# Work instruction:
Go through the listing that follows and write it out exactly. Drop the pictures.
= = = =
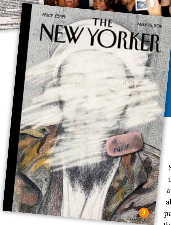
1. News of the devastating attacks of 9/11. 2. After bin Laden's death, people gathered in celebration in front of the White House in Washington, D.C. 3. The New Yorker published this cover of bin Laden after he was killed. What do you think it means?
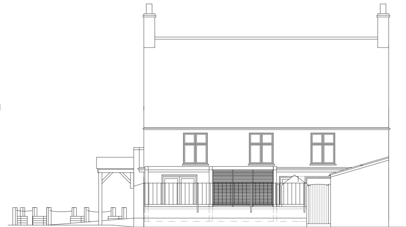
WEST FACING ELEVATION

REV A - 29/3/24 - WINDOW TO BOTTLE STORE AMENDED
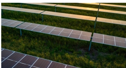
Invenergy's 100 th project, Southern Oak Solar Energy Center, located in Mitchell County, Georgia.

8 Invenergy operated sites totaling 1,550 megawatts where we provide management and O&M, with 8 projects owned by a third party
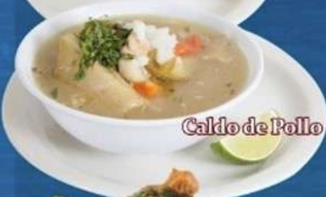
Caldo de Pollo
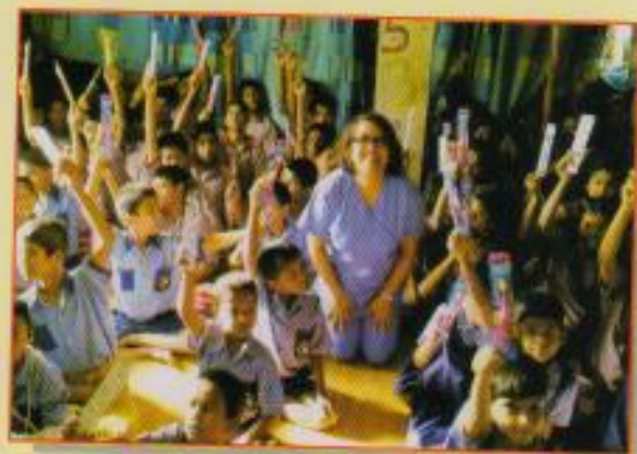
Guests / Donors Entertainment with Hearing Impaired Children
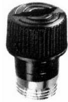
585 Cap SLOTTED TOP FOR 5x20MM FUSE
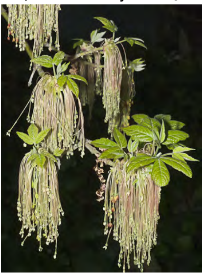
BOX ELDER (Acer negundo) Native Perennial - Soapberry Family - (Mar–Apr) - Streamsides, bottomland. - Tree < 66' tall. Leaflets in 3s. Group of 10-250 hanging flowers appear with leaves. Winged fruits. Widely planted ornamental.
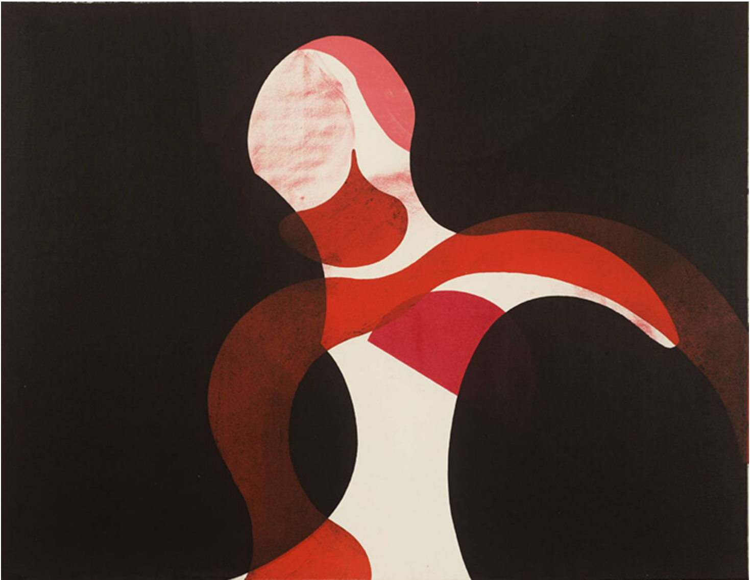
Girl at Night / Howard Hodgkin / 1966

Bold, powerful and intoxicatingly bright, POPPY Linen 's candy hue can bring a snap of life to everything around it. British abstract painter Howard Hodgkin saw this colour's vibrant, sparky potential, layering it into his evocative arrangements of colour, texture, shape and light as a foreground flare of colour that jumps towards us. He also saw the potent emotional resonance in this shade of red, which brings fiery heat into his intensely personal artworks, leaving them red raw with passionate wounds of expression. "The only way an artist can communicate with the world at large is on the level of feeling," he wrote.
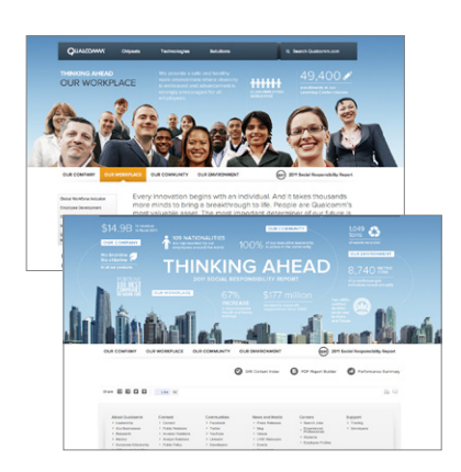
Qualcomm 's 2011 Social Responsibility Report is online-only and mobile optimized. The site offers a custom PDF report builder and uses the GRI.
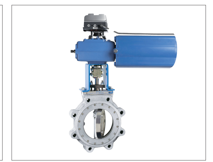
Wafer-Sphere butterfly valve
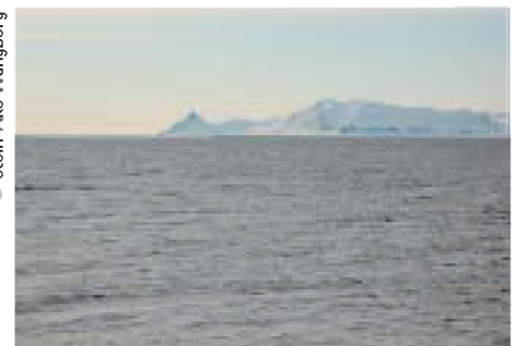
Kongsfjorden, the fjord opening (Out station).

Kongsfjorden hosts the most active tidal glacier of Svalbard Archipelago, Kongsbreen, which is retreating at a rate of up to 0.5km per year. The glacier activity has a direct influence on the benthic communities' diversity and its variability with the scale and magnitude of the impact, depending on the activity of the glacier. Since Kongsfjorden is an open fjord with no sill at the entrance, the exchange across shelf and fjord boundary has a direct impact on biological and physical variation of the benthic system. During the four years of our study, both "cold" (2004 – a large volume of Arctic waters were present at the surface, characterised by lower temperature and salinity and the presence of ice) and "warm" (2002 – where a vast amount of Atlantic water was
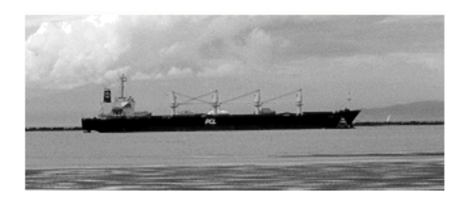
The "ALAM SELAMAT" anchored off Steveston jetty (in the background) after the grounding. Two tugs are assisting the vessel.
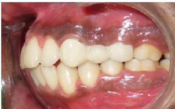
Fig. 13: Post Treatment Intra Oral Images
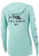
TURQUOISE 2015211005 | TUR
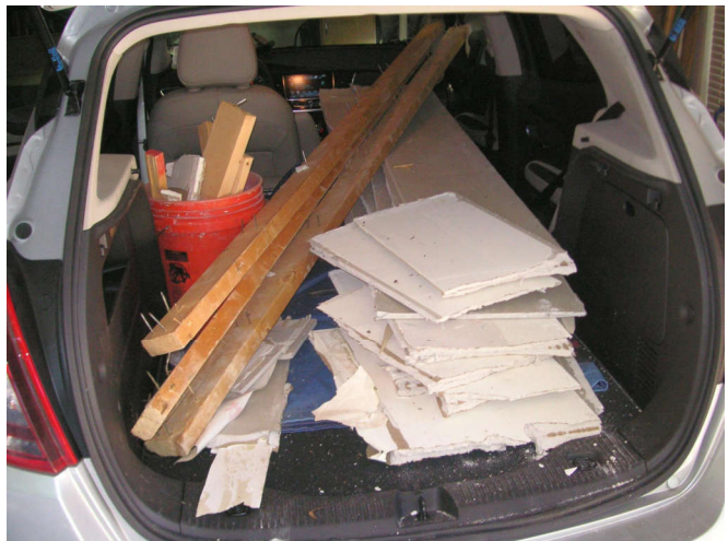
All hail the 2019 Buick Encore that can take 8-foot lumber to the dump.
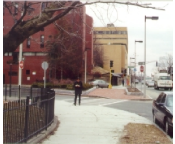
Warren Street Island at Cambridge Street.
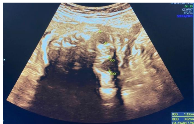
Figure 2: An ultrasound image showing measurement of interorbital distance (IOD) and biorbital distance (BOD) in coronal plane in a pregnant women in 23 week of gestation.

Hypertelorism is a congenital anomaly characterized by widely spaced eyes [widened IOD]; often associated with Apert syndrome, Pfeiffer syndrome, and Crouzon syndrome. [7] Microphthalmia, a congenital anomaly with reduced IOD, often associated with anomalies like Hallermann-Streiff syndrome and Waardenburg syndrome. Down syndrome and Turner syndrome [8] are genetic disorders causing intellectual disability and facial
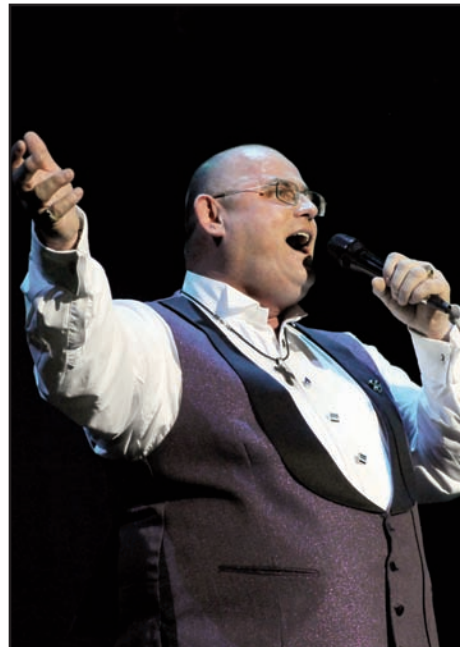
Patchogue Theatre, Feb. 26, 2011.
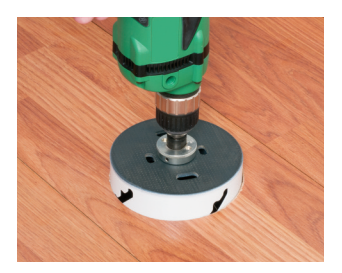
Using a hole saw cut a 5" diameter opening in the floor and subfloor.
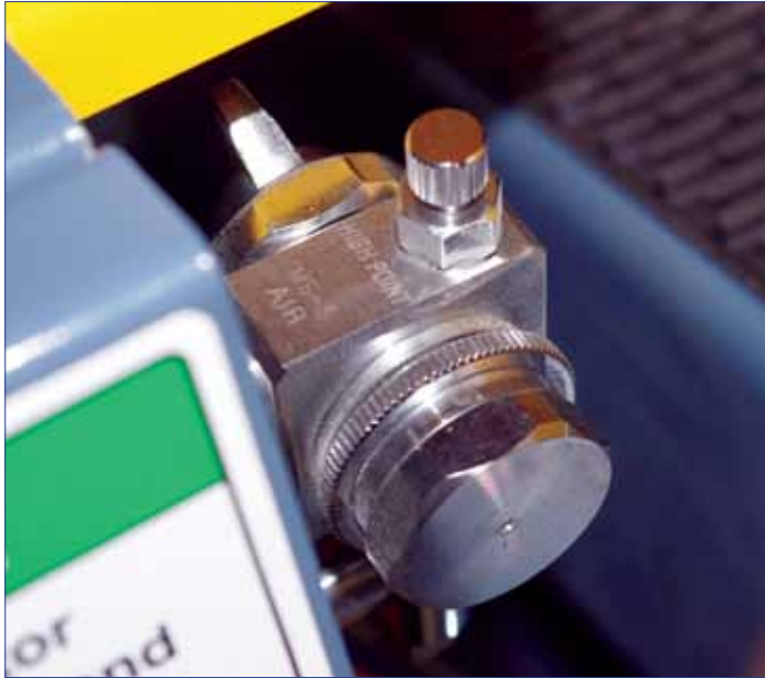
A fully adjustable oil mist system keeps the blade cool and lasting long.
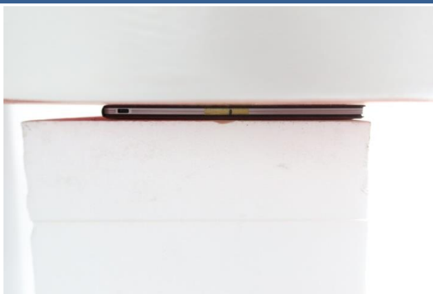
Bottom Face_Folding with Holster 1(Leather) at 0 mm
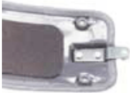
HD#52467-00 (sold through dealers)

2000-05 models require the stock rear mounting bracket (HD# 52467-00) be removed from the stock seat and bolted to the Mustang seat.
= = = =
# Your solution:
1. News of the devastating attacks of 9/11. 2. After bin Laden's death, people gathered in celebration in front of the White House in Washington, D.C. 3. The New Yorker published this cover of bin Laden after he was killed. What do you think it means?
WEST FACING ELEVATION

REV A - 29/3/24 - WINDOW TO BOTTLE STORE AMENDED
Invenergy's 100 th project, Southern Oak Solar Energy Center, located in Mitchell County, Georgia.

8 Invenergy operated sites totaling 1,550 megawatts where we provide management and O&M, with 8 projects owned by a third party
Caldo de Pollo
Guests / Donors Entertainment with Hearing Impaired Children
585 Cap SLOTTED TOP FOR 5x20MM FUSE
BOX ELDER (Acer negundo) Native Perennial - Soapberry Family - (Mar–Apr) - Streamsides, bottomland. - Tree < 66' tall. Leaflets in 3s. Group of 10-250 hanging flowers appear with leaves. Winged fruits. Widely planted ornamental.
Girl at Night / Howard Hodgkin / 1966

Bold, powerful and intoxicatingly bright, POPPY Linen 's candy hue can bring a snap of life to everything around it. British abstract painter Howard Hodgkin saw this colour's vibrant, sparky potential, layering it into his evocative arrangements of colour, texture, shape and light as a foreground flare of colour that jumps towards us. He also saw the potent emotional resonance in this shade of red, which brings fiery heat into his intensely personal artworks, leaving them red raw with passionate wounds of expression. "The only way an artist can communicate with the world at large is on the level of feeling," he wrote.
Qualcomm 's 2011 Social Responsibility Report is online-only and mobile optimized. The site offers a custom PDF report builder and uses the GRI.
Wafer-Sphere butterfly valve
Kongsfjorden, the fjord opening (Out station).

Kongsfjorden hosts the most active tidal glacier of Svalbard Archipelago, Kongsbreen, which is retreating at a rate of up to 0.5km per year. The glacier activity has a direct influence on the benthic communities' diversity and its variability with the scale and magnitude of the impact, depending on the activity of the glacier. Since Kongsfjorden is an open fjord with no sill at the entrance, the exchange across shelf and fjord boundary has a direct impact on biological and physical variation of the benthic system. During the four years of our study, both "cold" (2004 – a large volume of Arctic waters were present at the surface, characterised by lower temperature and salinity and the presence of ice) and "warm" (2002 – where a vast amount of Atlantic water was
The "ALAM SELAMAT" anchored off Steveston jetty (in the background) after the grounding. Two tugs are assisting the vessel.
Fig. 13: Post Treatment Intra Oral Images
TURQUOISE 2015211005 | TUR
All hail the 2019 Buick Encore that can take 8-foot lumber to the dump.
Warren Street Island at Cambridge Street.
Figure 2: An ultrasound image showing measurement of interorbital distance (IOD) and biorbital distance (BOD) in coronal plane in a pregnant women in 23 week of gestation.

Hypertelorism is a congenital anomaly characterized by widely spaced eyes [widened IOD]; often associated with Apert syndrome, Pfeiffer syndrome, and Crouzon syndrome. [7] Microphthalmia, a congenital anomaly with reduced IOD, often associated with anomalies like Hallermann-Streiff syndrome and Waardenburg syndrome. Down syndrome and Turner syndrome [8] are genetic disorders causing intellectual disability and facial
Patchogue Theatre, Feb. 26, 2011.
Using a hole saw cut a 5" diameter opening in the floor and subfloor.
A fully adjustable oil mist system keeps the blade cool and lasting long.
Bottom Face_Folding with Holster 1(Leather) at 0 mm
HD#52467-00 (sold through dealers)

2000-05 models require the stock rear mounting bracket (HD# 52467-00) be removed from the stock seat and bolted to the Mustang seat.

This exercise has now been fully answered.